The FPR pit crew in action on one of the team’s V8 Supercars during the 2013 Bathurst 1000 race.

During an engine change, everything from the harmonic balancer at the front of the unit to the flywheel with the clutch attached is removed and replaced. To assist with the changeover, the engine has lifting tags attached to the exhaust system. When a new engine is placed in the car the first two things connected are the oil and water. “The oil is kept heated and the water is at 65° prior to starting the engine,” said Campbell. “This is to eliminate cold start wear because when engine components are cold, they are not at their operating size.” Once the water and oil supply and return pipes, radiator bleed pipe and fuel line are connected, all the wiring associated with the injectors and all the monitoring sensors need to be plugged back in.

In the workshop

Between V8 Supercar race meetings, the cars and engines are returned to the main FPR facility. The workshops are remarkably clean and uncluttered. “We are spoilt to some extent that we are able to work in this environment,” Campbell mused. “I am continually amazed when I show someone around here that they can be so passionate about the outfit which, for us, we are lucky to have as our day-to-day job.”

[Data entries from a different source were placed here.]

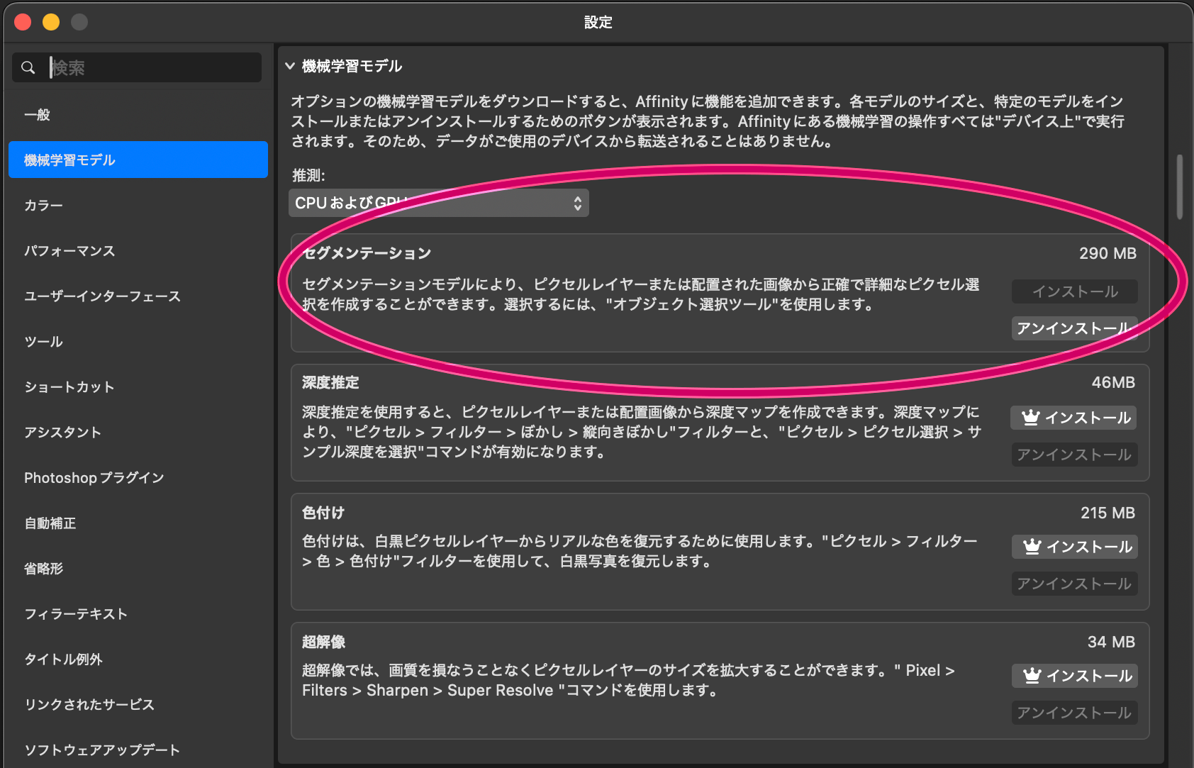 背景透過したい時にお世話になるのがPhotoshopの「オブジェクト選択ツール」ですが、Affinityにも完備されてます。ただ、予め設定から「セグメーション」をインストールしないと利用できないので注意。
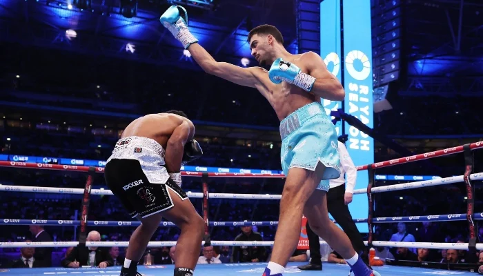 Sheeraz entirely eclipsed his British opponent at London’s Wembley Stadium on Saturday evening. The undefeated middleweight sent southpaw Denny to the canvas twice before overcoming him through technical knockout (TKO).
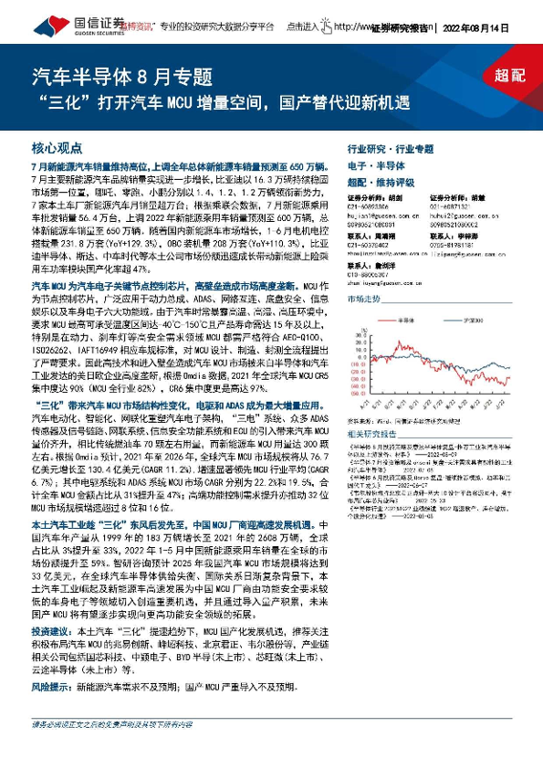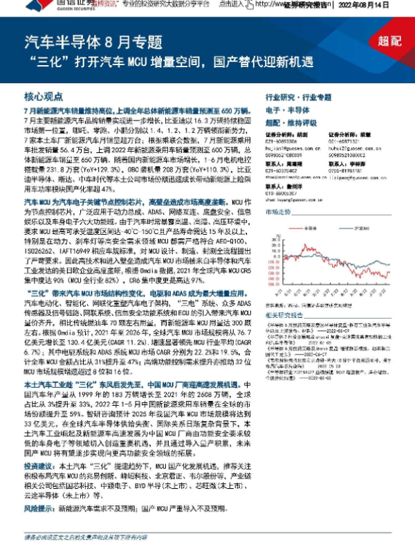 【国信证券】【20220814】汽车半导体行业8月专题:“三化”打开汽车MCU增量空间,国产替代迎新机遇-17页

According to Campbell, all team members are dedicated professionals who are willing to put the effort in to make sure the cars always perform at their peak. “Race day is everyone’s Number One priority,” he said. “The team is prepared for the sacrifices they sometimes have to make to their personal lives.”

During a standard rebuild, the piston rings and pistons are replaced. Technicians also check the bearings but usually these can be re-used until they do show signs of wear, although gaskets and seals are always replaced. Every ferrous and steel item is crack tested, while aluminium components are tested using dye penetrant procedures. The cylinder head is under high stress during a race so is checked after a race and technicians inspect the valve and valve seats where they meet the cylinder head.

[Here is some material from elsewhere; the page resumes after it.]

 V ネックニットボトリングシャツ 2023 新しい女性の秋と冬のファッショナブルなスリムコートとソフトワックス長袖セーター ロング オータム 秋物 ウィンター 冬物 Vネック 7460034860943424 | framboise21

Meeting the needs of customers

Olympus is also willing to work with customers to adapt or modify instruments to meet their needs. “We have worked with FPR for several years now and have upgraded their equipment to the latest, lightweight model,” said Mark Wheatley, sales specialist at Olympus. “With the new untethered videoscope, the race technicians can quickly inspect an engine in the pit straight if necessary, rather than bring it into a workshop.”

Campbell concluded that his team is looking forward to trialling new high-speed camera systems that Olympus has been discussing with FPR. “We will be able to view and record the actions of most parts of our engines and see what might be the actual event that causes an engine failure, rather than just the aftermath,” he said.

A previous version of this story was published by the Australian Manufacturing Technology Institute Limited (AMTIL).